▶ **WHAT YOU HAVE TO DO**
Look below for the line containing "мобильный телефон 5g" and the line containing "이 앱은 모든 파일을"; repeat exactly those two lines and all lines between them, and nothing else.

▶ **RECORDS SUPPLIED**
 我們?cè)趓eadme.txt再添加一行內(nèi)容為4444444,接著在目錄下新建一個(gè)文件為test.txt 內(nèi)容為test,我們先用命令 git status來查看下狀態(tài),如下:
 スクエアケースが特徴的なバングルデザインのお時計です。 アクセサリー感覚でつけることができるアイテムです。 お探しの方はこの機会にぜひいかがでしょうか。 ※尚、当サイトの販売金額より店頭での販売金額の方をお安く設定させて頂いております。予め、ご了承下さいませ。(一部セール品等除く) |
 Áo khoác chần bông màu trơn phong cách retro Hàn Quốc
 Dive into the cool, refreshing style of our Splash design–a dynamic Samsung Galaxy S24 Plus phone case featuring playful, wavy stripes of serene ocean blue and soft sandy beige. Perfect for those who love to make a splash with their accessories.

* * *

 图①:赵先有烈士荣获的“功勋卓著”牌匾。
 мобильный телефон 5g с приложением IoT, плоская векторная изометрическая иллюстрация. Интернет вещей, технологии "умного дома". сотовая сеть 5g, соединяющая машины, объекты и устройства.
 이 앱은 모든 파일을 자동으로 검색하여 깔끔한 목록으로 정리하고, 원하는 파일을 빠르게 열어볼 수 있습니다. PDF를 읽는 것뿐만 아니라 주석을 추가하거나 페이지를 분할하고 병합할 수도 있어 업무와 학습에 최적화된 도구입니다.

▶ **OUTPUT FOR THIS EXERCISE**
 мобильный телефон 5g с приложением IoT, плоская векторная изометрическая иллюстрация. Интернет вещей, технологии "умного дома". сотовая сеть 5g, соединяющая машины, объекты и устройства.
 이 앱은 모든 파일을 자동으로 검색하여 깔끔한 목록으로 정리하고, 원하는 파일을 빠르게 열어볼 수 있습니다. PDF를 읽는 것뿐만 아니라 주석을 추가하거나 페이지를 분할하고 병합할 수도 있어 업무와 학습에 최적화된 도구입니다.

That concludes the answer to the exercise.